Exercise requirements
Each record below is to be copied word for word, with pictures removed.

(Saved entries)
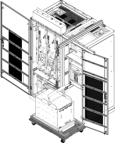 19. Roll the removed dual drive RF amplifier to the side. Later, it will need to be purged of water coolant before being packaged for return.
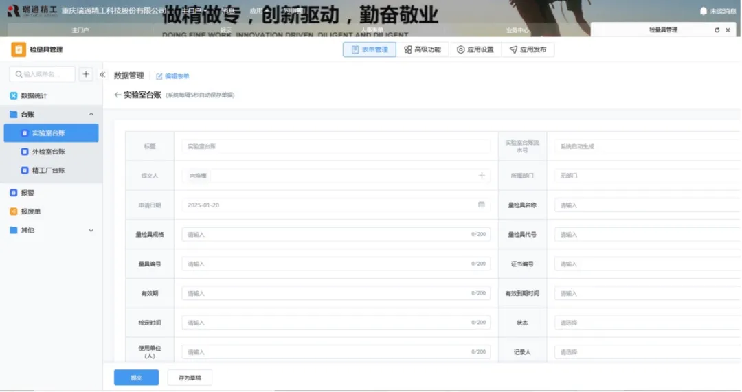 基于云之家轻云平台,瑞通精工快速搭建了涵盖检具量具管理、人事表单、产品/返工返修评审等业务应用。
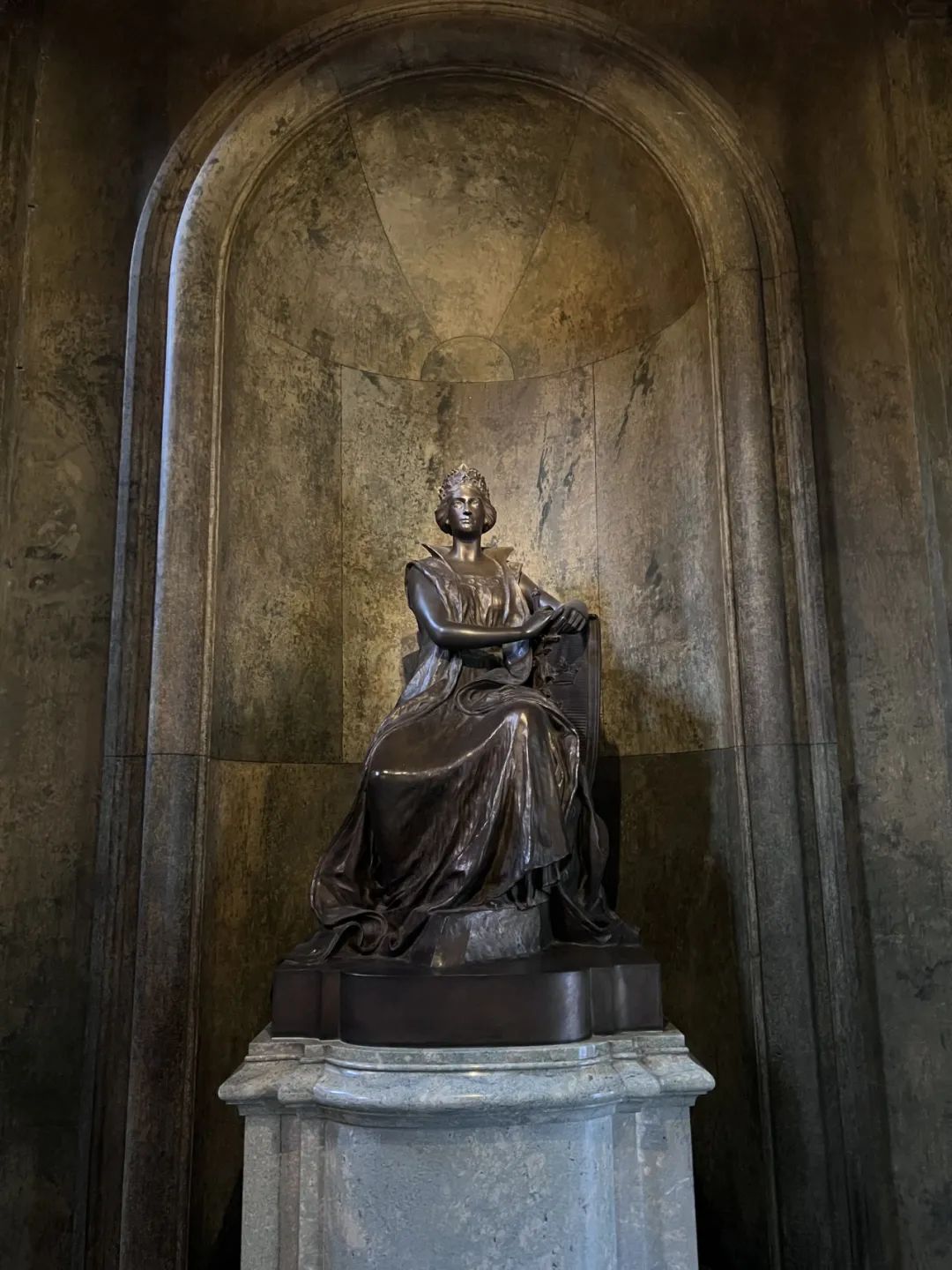 去了瑞典皇宫,进门看到了一个雕像,感觉自己走进了《芭比之魅力公主学院》的场景。我也不知道她是谁,但她端庄大方有气势。皇宫富丽堂皇。
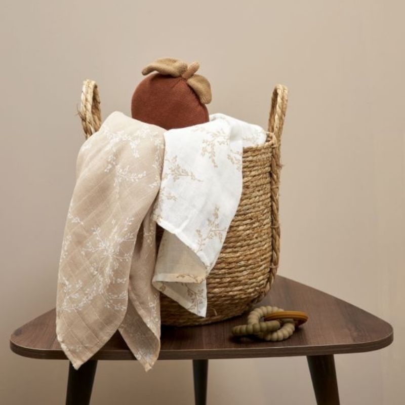 Een printje uit de natuur zoals takken en bloemetjes design is hartstikke leuk om te combineren met rustige natuurtinten. Stijl je wiegje en/of ledikant samen met een hydrofiele doek met printje als eyecatcher in het babybedje. Vouw de doek 1x in de vorm van een driehoek. Leg het doek neer waar de baby met zijn of haar hoofdje komt te liggen (spuugdoek). Zorg ervoor dat de punt naar beneden ligt en de zijkanten goed strak weggestopt worden onder het matras, zodat de baby de doek niet los kan trekken. Voilá, een hip opgemaakt babybedje staat klaar om de baby te verwelkomen!
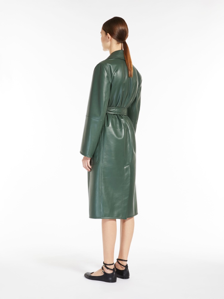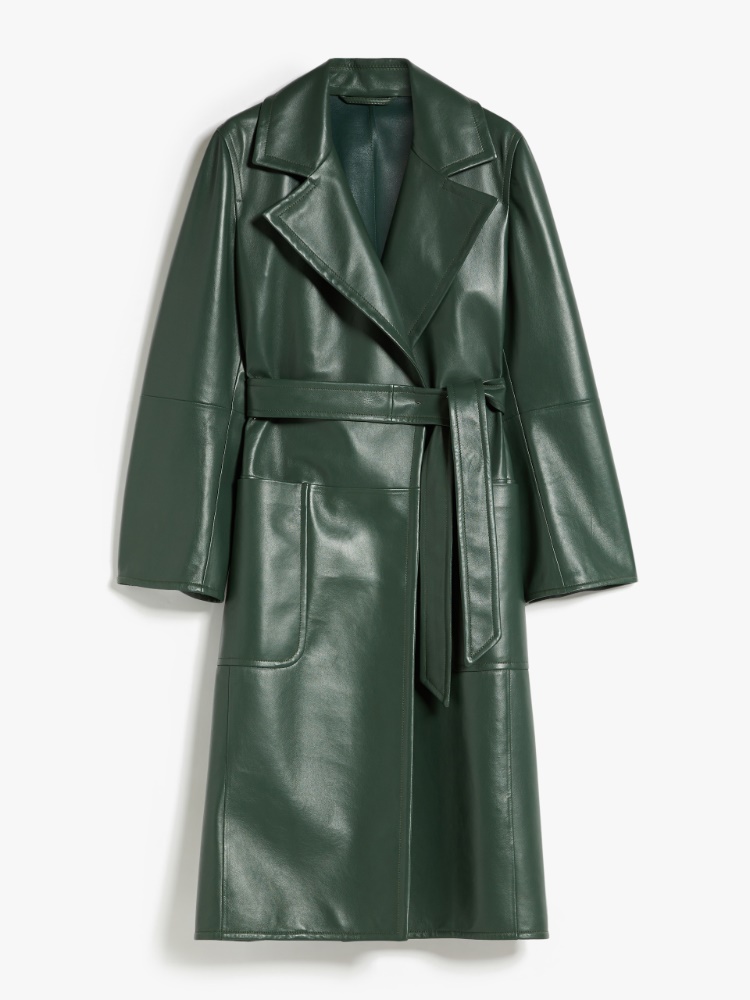 이 코트는 부드러운 나파 가죽으로 제작되었고 안감이 없는 디자인이며
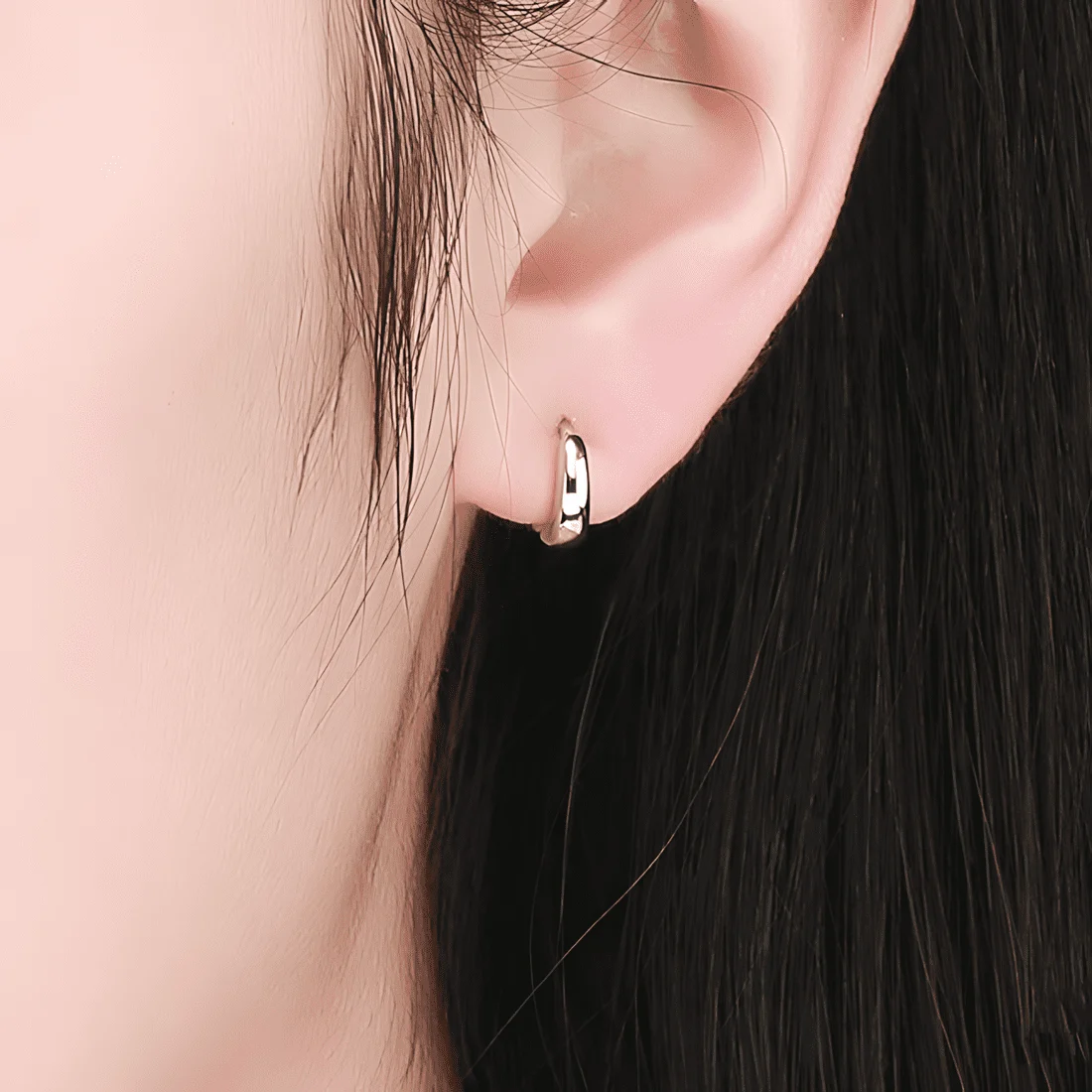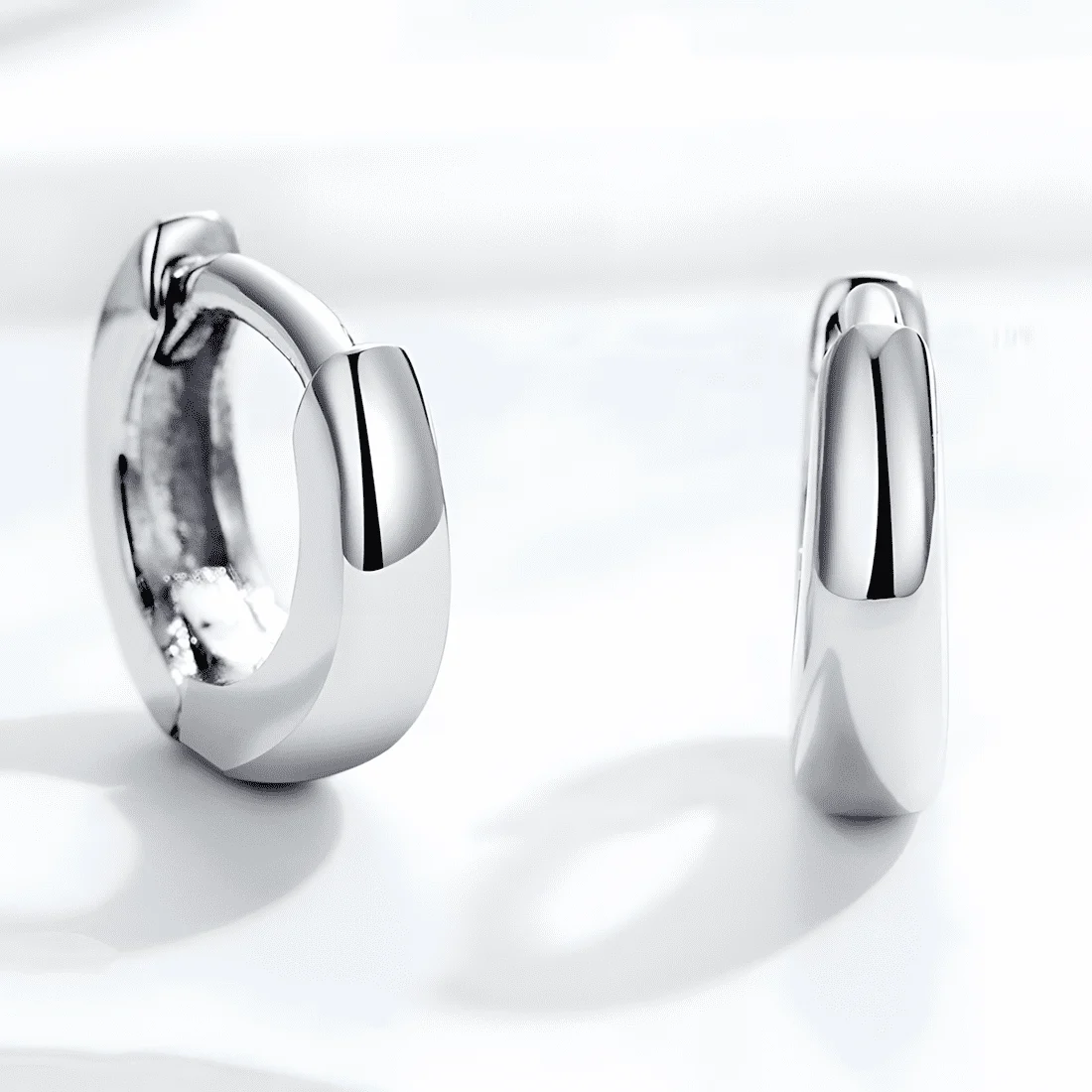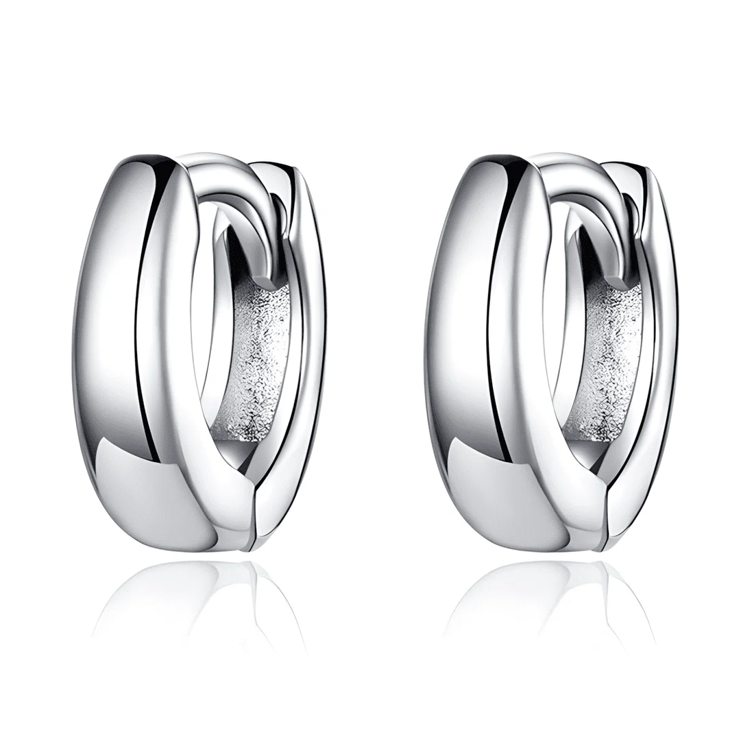 Smooth Hoop Earrings, 925 Sterling Silver, white gold plated.
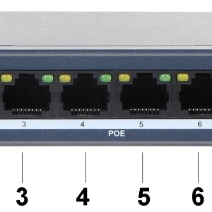 Porty LAN: 2 x RJ45 10/100 Base-TX – Uplink, 4 x RJ45 10/100 Base-TX ( 1 x PoE (802.3af/at/bt) + 3 x PoE (802.3af/at) ) ; Szybkość transmisji: 10 / 100 Mb/s : 2 Porty LAN + 4 Porty LAN & PoE ; Maksymalna sumaryczna moc: 60 W ; Tablica adresów MAC: 2k ; Zasilanie: 48 V DC / 1.35 A ;
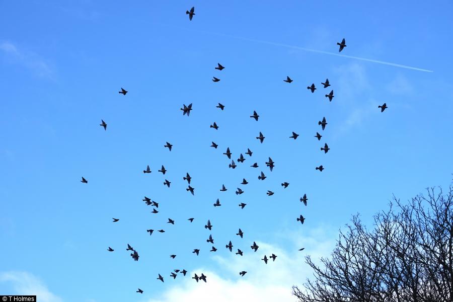 - c 30 - Loose flock over to East ? disturbed by very low flying light aircraft at 14:50
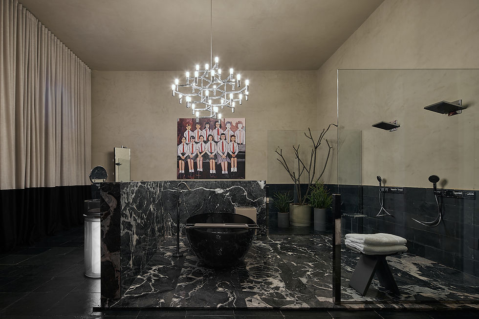 Neste projeto, transformamos o passado em poesia contemporânea. A antiga sala de aula, repleta de memórias e histórias, deu lugar a uma sala de banho que celebra o luxo atemporal com sensibilidade e sofisticação. Mantivemos a ardósia original do edifício como homenagem à história do espaço, agora ressignificada por uma atmosfera envolvente, interligada com a exuberante pedra Michelangelo — um mármore de veios marcantes e presença escultural. As louças e metais da Belíssimo Vallvé reforçam a linguagem refinada do projeto, enquanto a iluminação cênica valoriza as texturas e convida ao ritual do bem-estar. Nas paredes, obras de arte cuidadosamente selecionadas estabelecem um elo entre o ontem e o agora — remetendo ao antigo uso do espaço, resgatando sua essência com um olhar contemporâneo e poético. Este é um ambiente que une memória, design e contemplação: um espaço sensorial onde o tempo se dilui entre história e modernidade.

Written reply
 19. Roll the removed dual drive RF amplifier to the side. Later, it will need to be purged of water coolant before being packaged for return.
 基于云之家轻云平台,瑞通精工快速搭建了涵盖检具量具管理、人事表单、产品/返工返修评审等业务应用。
 去了瑞典皇宫,进门看到了一个雕像,感觉自己走进了《芭比之魅力公主学院》的场景。我也不知道她是谁,但她端庄大方有气势。皇宫富丽堂皇。
 Een printje uit de natuur zoals takken en bloemetjes design is hartstikke leuk om te combineren met rustige natuurtinten. Stijl je wiegje en/of ledikant samen met een hydrofiele doek met printje als eyecatcher in het babybedje. Vouw de doek 1x in de vorm van een driehoek. Leg het doek neer waar de baby met zijn of haar hoofdje komt te liggen (spuugdoek). Zorg ervoor dat de punt naar beneden ligt en de zijkanten goed strak weggestopt worden onder het matras, zodat de baby de doek niet los kan trekken. Voilá, een hip opgemaakt babybedje staat klaar om de baby te verwelkomen!
 이 코트는 부드러운 나파 가죽으로 제작되었고 안감이 없는 디자인이며
 Smooth Hoop Earrings, 925 Sterling Silver, white gold plated.
 Porty LAN: 2 x RJ45 10/100 Base-TX – Uplink, 4 x RJ45 10/100 Base-TX ( 1 x PoE (802.3af/at/bt) + 3 x PoE (802.3af/at) ) ; Szybkość transmisji: 10 / 100 Mb/s : 2 Porty LAN + 4 Porty LAN & PoE ; Maksymalna sumaryczna moc: 60 W ; Tablica adresów MAC: 2k ; Zasilanie: 48 V DC / 1.35 A ;
 - c 30 - Loose flock over to East ? disturbed by very low flying light aircraft at 14:50
 Neste projeto, transformamos o passado em poesia contemporânea. A antiga sala de aula, repleta de memórias e histórias, deu lugar a uma sala de banho que celebra o luxo atemporal com sensibilidade e sofisticação. Mantivemos a ardósia original do edifício como homenagem à história do espaço, agora ressignificada por uma atmosfera envolvente, interligada com a exuberante pedra Michelangelo — um mármore de veios marcantes e presença escultural. As louças e metais da Belíssimo Vallvé reforçam a linguagem refinada do projeto, enquanto a iluminação cênica valoriza as texturas e convida ao ritual do bem-estar. Nas paredes, obras de arte cuidadosamente selecionadas estabelecem um elo entre o ontem e o agora — remetendo ao antigo uso do espaço, resgatando sua essência com um olhar contemporâneo e poético. Este é um ambiente que une memória, design e contemplação: um espaço sensorial onde o tempo se dilui entre história e modernidade.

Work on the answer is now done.